# Google Colab Lab Assignment -NLP

**Course Name:** Deep Learning

**Lab Title:** NLP Techniques for Text Classification

**Student Name:** Om Borle
**Student ID:** 202201040035


**Group Members**: Vaibhav Jadhav,md yaseen alam,om borle,vidya bingi


**Objective**
The objective of this assignment is to implement NLP preprocessing techniques and build a text classification model using machine learning techniques.

**Github Link**
https://github.com/omborle/DL-Lab-Assignment-4




**Learning Outcomes:**

1. Understand and apply NLP preprocessing techniques such as tokenization, stopword removal, stemming, and lemmatization.
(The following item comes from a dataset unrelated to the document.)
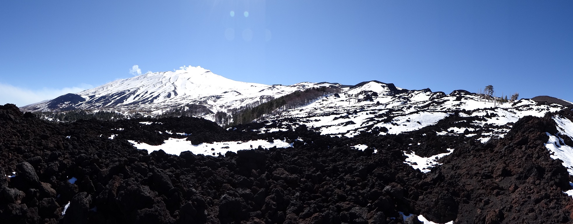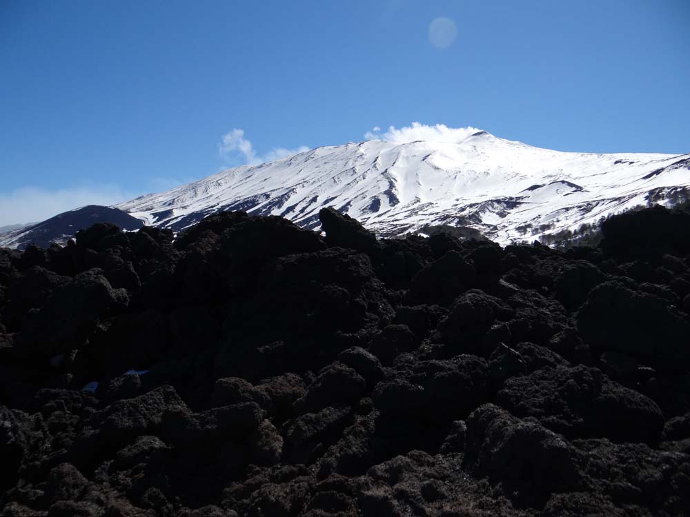 Etna has a number of craters. The one smoking which we can see from here isn’t the one currently exploding every few days, that’s on the other side. We’re about 8km away from the action, far enough to be safe, we think.

2. Implement text vectorization techniques such as TF-IDF and CountVectorizer.

3. Develop a text classification model using a machine learning algorithm.

4. Evaluate the performance of the model using suitable metrics.
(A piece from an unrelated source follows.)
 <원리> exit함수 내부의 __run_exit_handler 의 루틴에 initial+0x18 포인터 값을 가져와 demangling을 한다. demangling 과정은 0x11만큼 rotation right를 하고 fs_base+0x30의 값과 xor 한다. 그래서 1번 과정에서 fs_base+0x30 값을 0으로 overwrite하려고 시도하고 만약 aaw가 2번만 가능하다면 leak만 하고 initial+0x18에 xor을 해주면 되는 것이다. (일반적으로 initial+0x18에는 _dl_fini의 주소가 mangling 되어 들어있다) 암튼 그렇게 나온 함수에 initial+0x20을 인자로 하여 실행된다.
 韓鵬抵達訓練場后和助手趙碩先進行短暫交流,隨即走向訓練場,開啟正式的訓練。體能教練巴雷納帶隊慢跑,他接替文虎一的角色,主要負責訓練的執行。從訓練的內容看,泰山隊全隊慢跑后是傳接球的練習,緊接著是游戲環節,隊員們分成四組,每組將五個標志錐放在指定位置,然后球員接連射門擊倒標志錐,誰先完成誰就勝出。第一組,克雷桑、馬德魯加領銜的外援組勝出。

# **Assignment Instructions:**

**Part 1: NLP Preprocessing**

**Dataset Selection:**

Choose any text dataset from **Best Datasets for Text** https://en.innovatiana.com/post/best-datasets-for-text-classification Classification, such as SMS Spam Collection, IMDb Reviews, or any other relevant dataset.

Download the dataset and upload it to Google Colab.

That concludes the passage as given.